Keras provides a wonderful interface for expanding the learning set - the class ImageDataGenerator. We initialize the class, telling it what kind of transformation we want to apply to the images, and then run the training data through the generator, calling the method fit, and then the method flow, getting a continuously expanding iterator for the batch that we replenish. There is even a special method model.fit_generatorthat will teach our model using this iterator, which greatly simplifies the code. There is a small drawback: this is how we lose the parameter validation_split, which means that we will have to separate the validation subset of the data ourselves, but this only takes four lines of code.

Here we will use random horizontal and vertical shifts.ImageDataGeneratoralso provides us with the ability to perform random rotations, scaling, warping and mirroring. All these transformations are also worth a try, except perhaps a mirror image, since in real life we are unlikely to encounter manuscript figures expanded in this way.

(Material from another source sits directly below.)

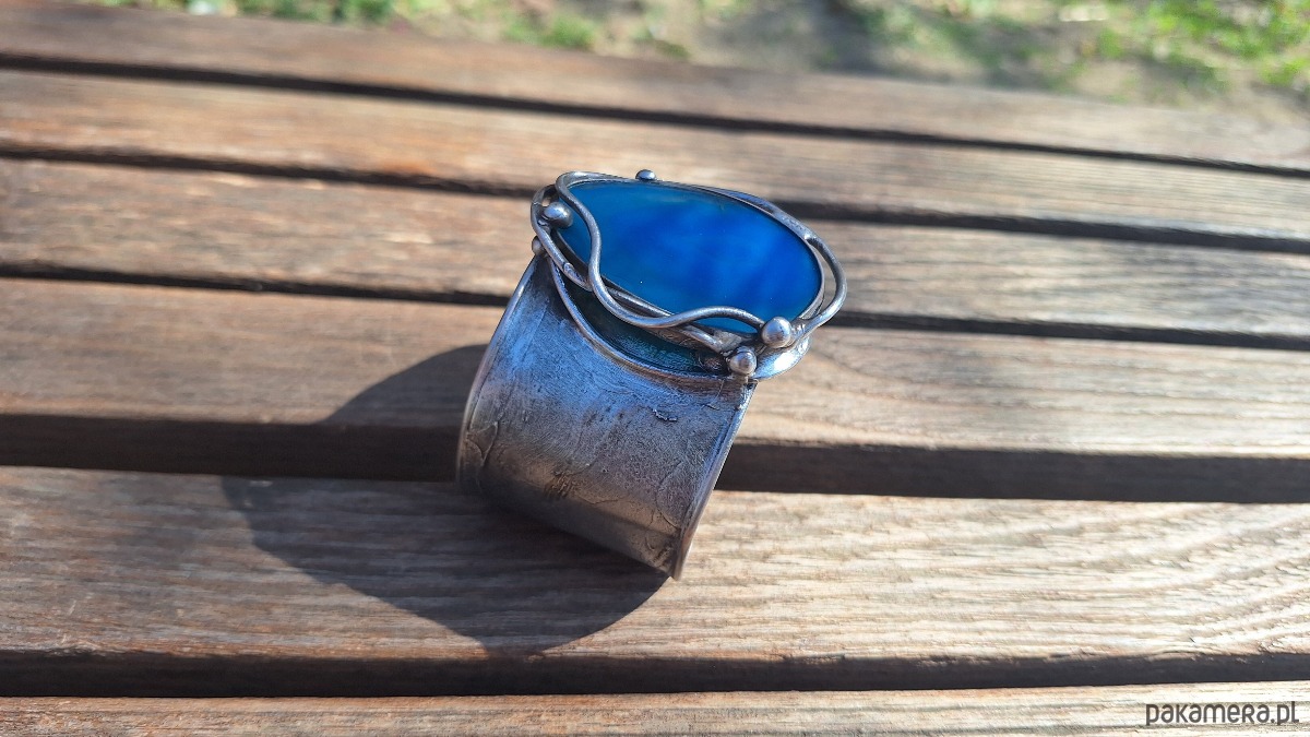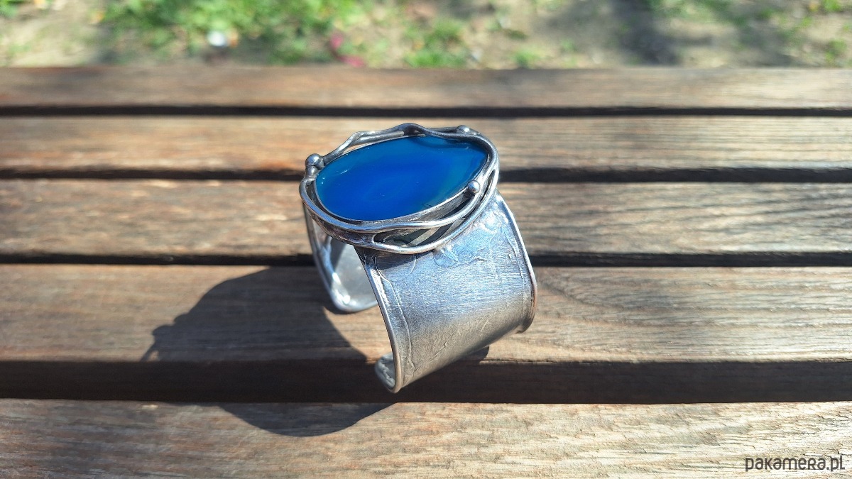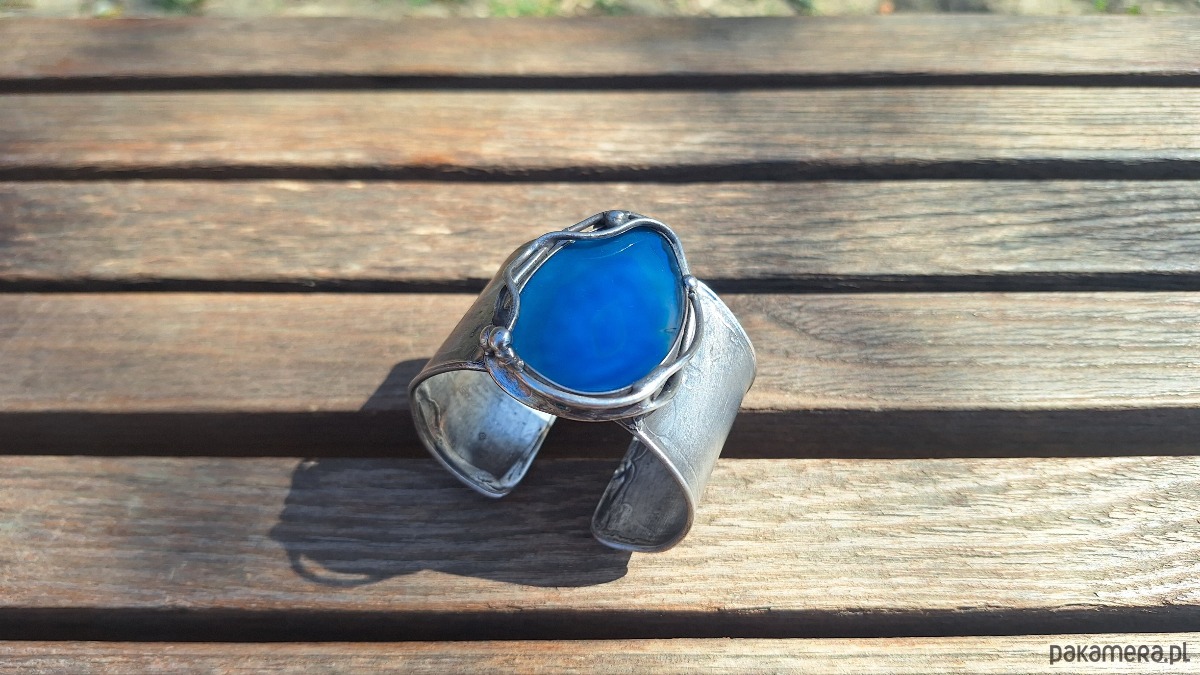 Bransoletka wykonana z miedzi, cyny i agatu. Szerokość ok. 4 cm. Regulowana.

from keras.preprocessing.image import ImageDataGenerator # data augmentation
# ... after model.compile(...)
# Explicitly split the training and validation sets
X_val = X_train[54000:]
Y_val = Y_train[54000:]
X_train = X_train[:54000]
Y_train = Y_train[:54000]
datagen = ImageDataGenerator(
            width_shift_range=0.1, # randomly shift images horizontally (fraction of total width)
            height_shift_range=0.1) # randomly shift images vertically (fraction of total height)
datagen.fit(X_train)
# fit the model on the batches generated by datagen.flow()---most parameters similar to model.fit
model.fit_generator(datagen.flow(X_train, Y_train,
                        batch_size=batch_size),
                        samples_per_epoch=X_train.shape[0],
                        nb_epoch=num_epochs,
                        validation_data=(X_val, Y_val),
                        verbose=1)

Ensembles

One interesting feature of neural networks that can be seen when they are used to distribute data into more than two classes is that, under different initial learning conditions, they are more easily allocated to one class, while others are confused. Using MNIST as an example, one can find that a single neural network can perfectly distinguish triples from fives, but does not learn how to separate units from sevens correctly, while the opposite is the case with dividing from another network.

This discrepancy can be dealt with using the method of statistical ensembles - place several copies of one networkwith different initial values and calculate their average result on the same input data. Here we will build three separate models. The differences between them can easily be represented in the form of a diagram, also built in Keras.

Core network

Ensemble

And again, Keras allows you to implement your plan by adding a minimal amount of code - we’ll wrap up the method of constructing the components of the model in a cycle, combining their results in the last layer merge.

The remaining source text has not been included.